Houseplants are the new big thing and you are going to make the world want to buy them!  You are a top advertising executive and you have been collecting data on how well your marketing campaigns have been running.

You have run 200 marketing campaigns over the last few year.  For each one, you recorded:

 - how much you spent (in units of thousands of dollars) on 
     + TV, 
     + radio 
     + and newspaper adverts  
 - How many houseplants were sold (in thousands of plants).  
 - You also know the "X-Factor" of how popular that plant was at the time (percentage popularity), 
 - And typically how tall that type plant was in inches.

Your job now is to explore the data work out which type of advertising campaign is the most effective out of.

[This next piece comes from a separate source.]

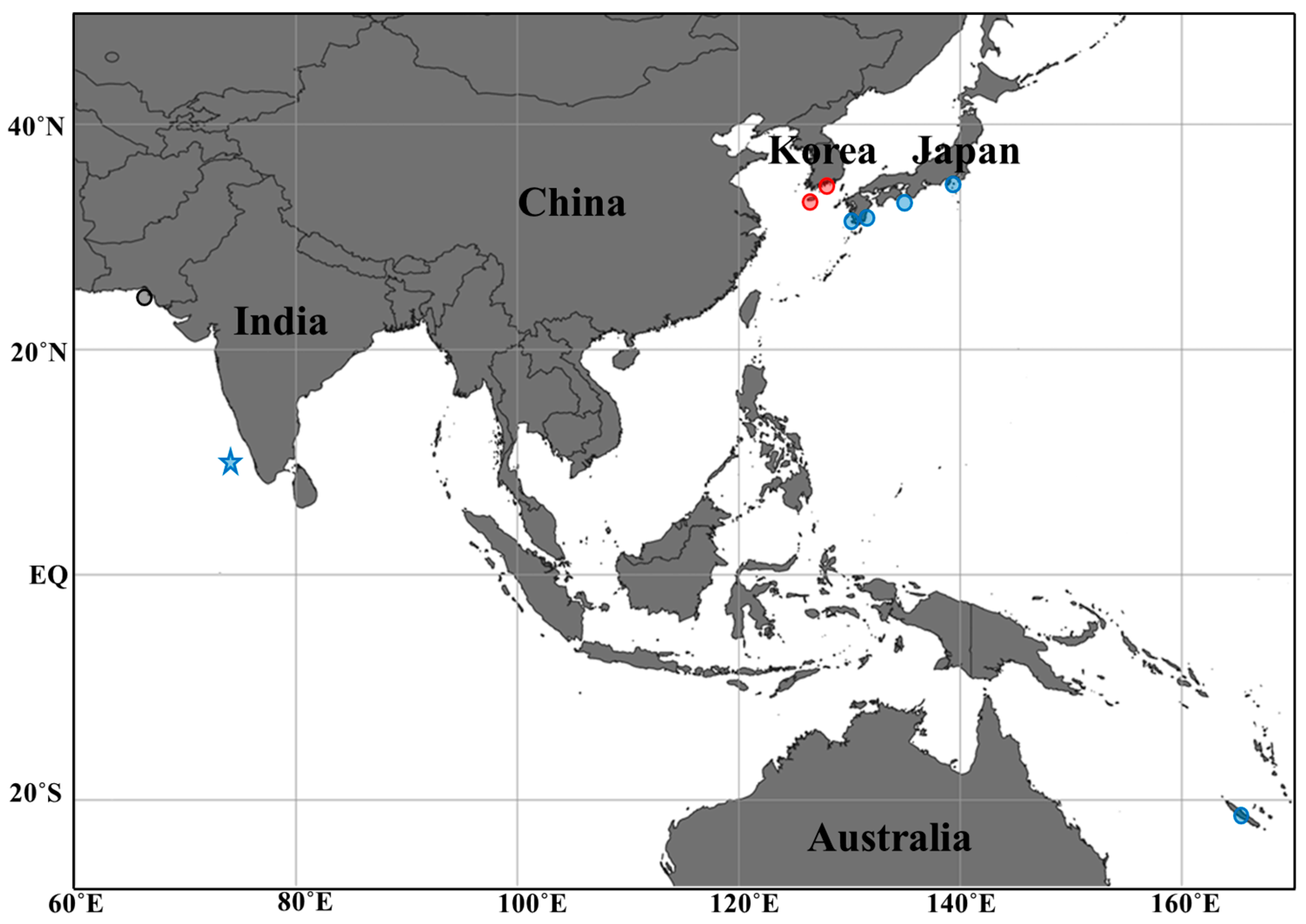 Figure 1. Sampling areas and distribution records of Sphyraena arabiansis. The blue star, blue circle, black circle, and red circle indicate the sampling areas of Abdussamad et al. [8], Morishita et al. [10], Manzoor et al. [9], and the present study, respectively.

 - Model1 - Plant Sales vs Newspaper adverts
 - Model2 - Plant Sales vs TV adverts

#### Markdown answer format {-}

Imagine this is a real report in an advertising company. You will be graded on the professionality of your final report.

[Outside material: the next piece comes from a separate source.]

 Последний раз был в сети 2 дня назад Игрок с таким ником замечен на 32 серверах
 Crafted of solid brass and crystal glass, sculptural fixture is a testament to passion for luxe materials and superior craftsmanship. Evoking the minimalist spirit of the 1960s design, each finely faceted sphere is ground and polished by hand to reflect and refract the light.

In all of your answers below, I expect good formatting, appropriate units and full sentences to explain your answers. 

For example, please make sure that you use headings and sub-headings to make your lab easier to follow and grade.  

You are welcome to use any/all of the markdown features we have learned so far, for example equations, text formatting, pictures, code-chunk options or anything else that makes your report look more professional.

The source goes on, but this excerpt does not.